TASK INSTRUCTIONS:
Reproduce verbatim all of the data given below, but do not carry over the images.

MATERIAL PROVIDED:

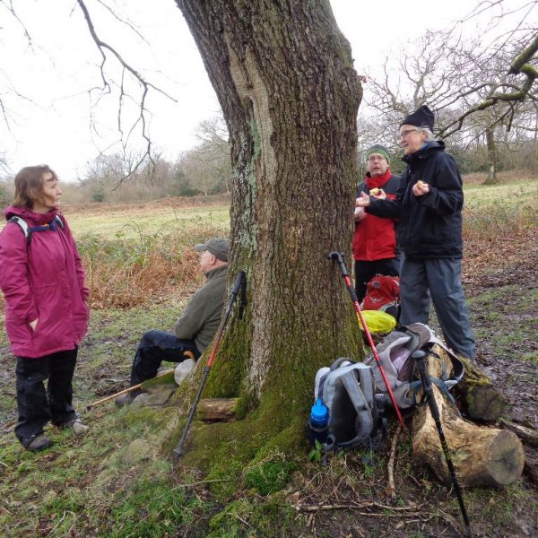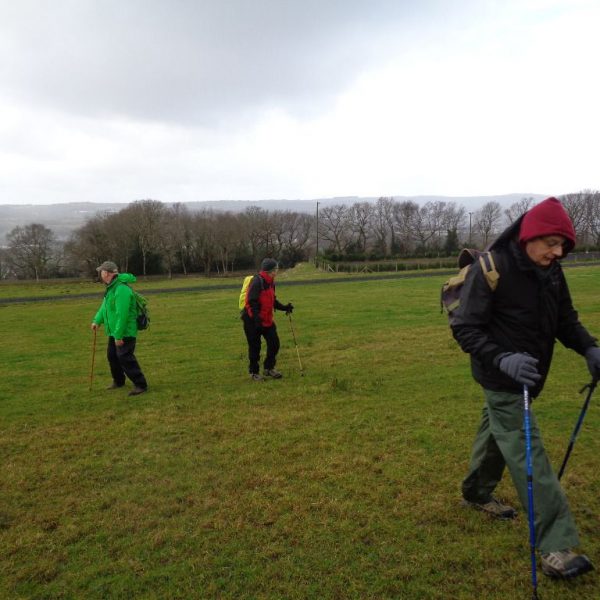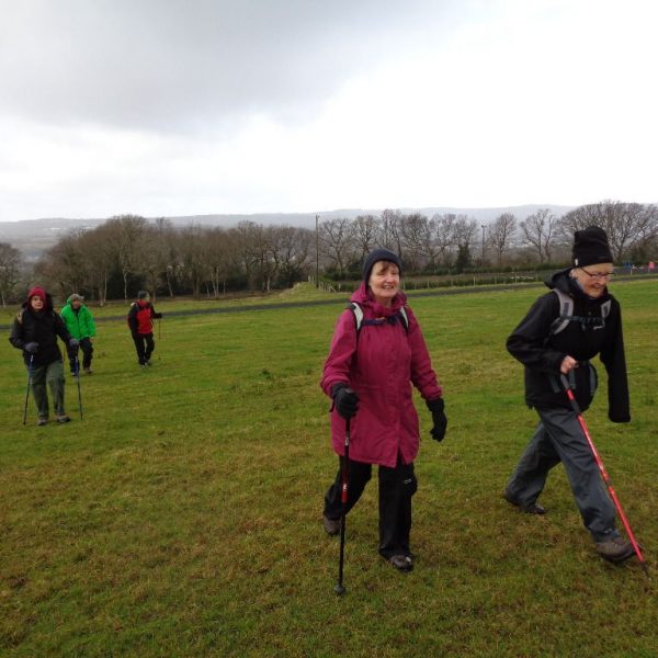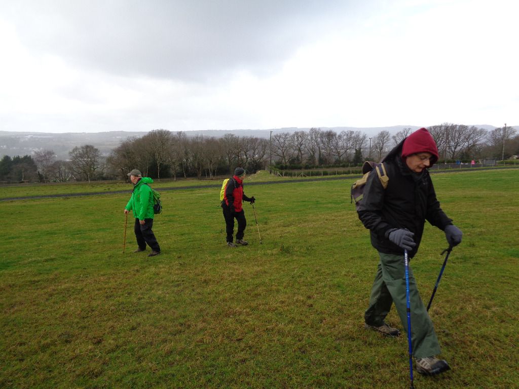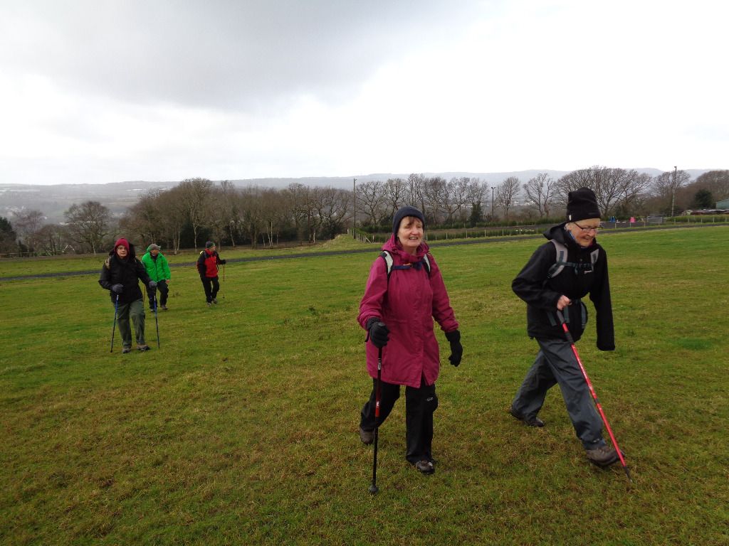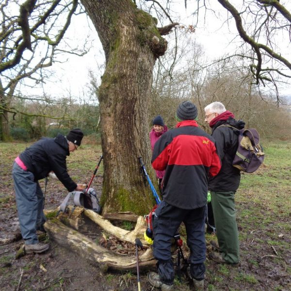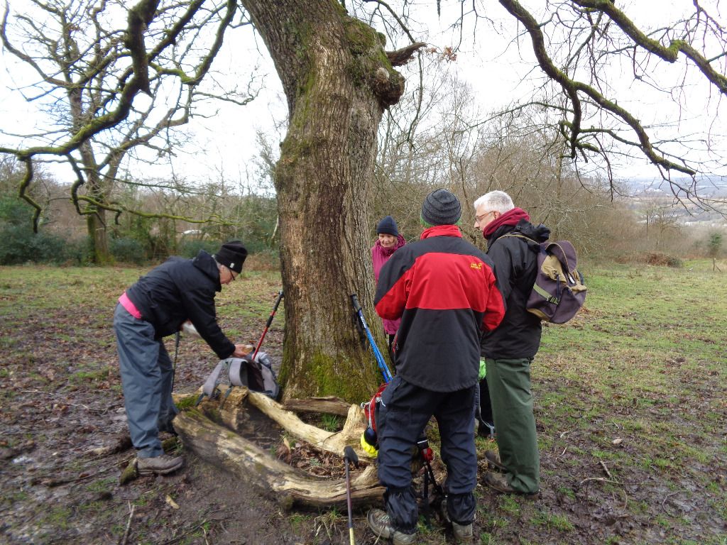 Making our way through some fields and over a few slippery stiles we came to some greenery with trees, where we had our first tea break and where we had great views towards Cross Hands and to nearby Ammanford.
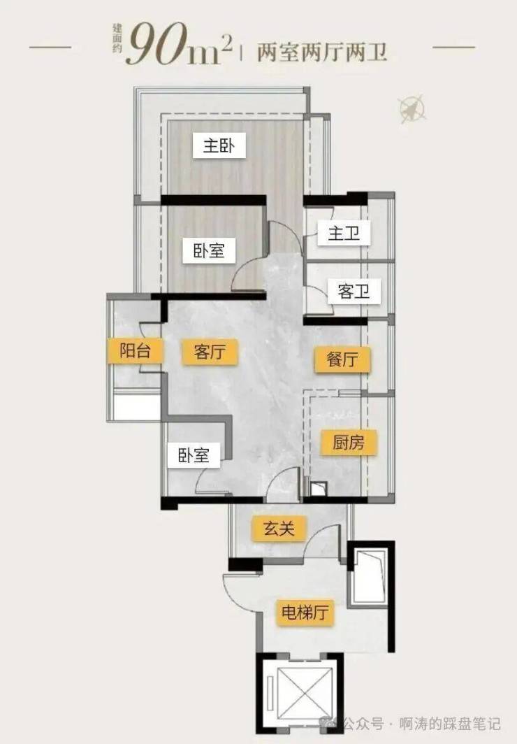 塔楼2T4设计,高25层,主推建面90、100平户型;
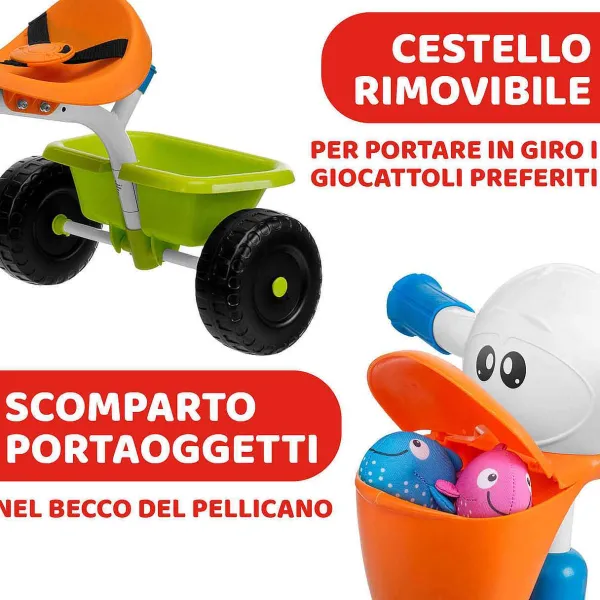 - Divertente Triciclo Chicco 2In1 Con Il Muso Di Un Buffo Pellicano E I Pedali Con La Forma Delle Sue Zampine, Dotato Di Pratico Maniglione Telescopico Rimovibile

ANSWER FOR THIS EXERCISE:
 Making our way through some fields and over a few slippery stiles we came to some greenery with trees, where we had our first tea break and where we had great views towards Cross Hands and to nearby Ammanford.
 塔楼2T4设计,高25层,主推建面90、100平户型;
 - Divertente Triciclo Chicco 2In1 Con Il Muso Di Un Buffo Pellicano E I Pedali Con La Forma Delle Sue Zampine, Dotato Di Pratico Maniglione Telescopico Rimovibile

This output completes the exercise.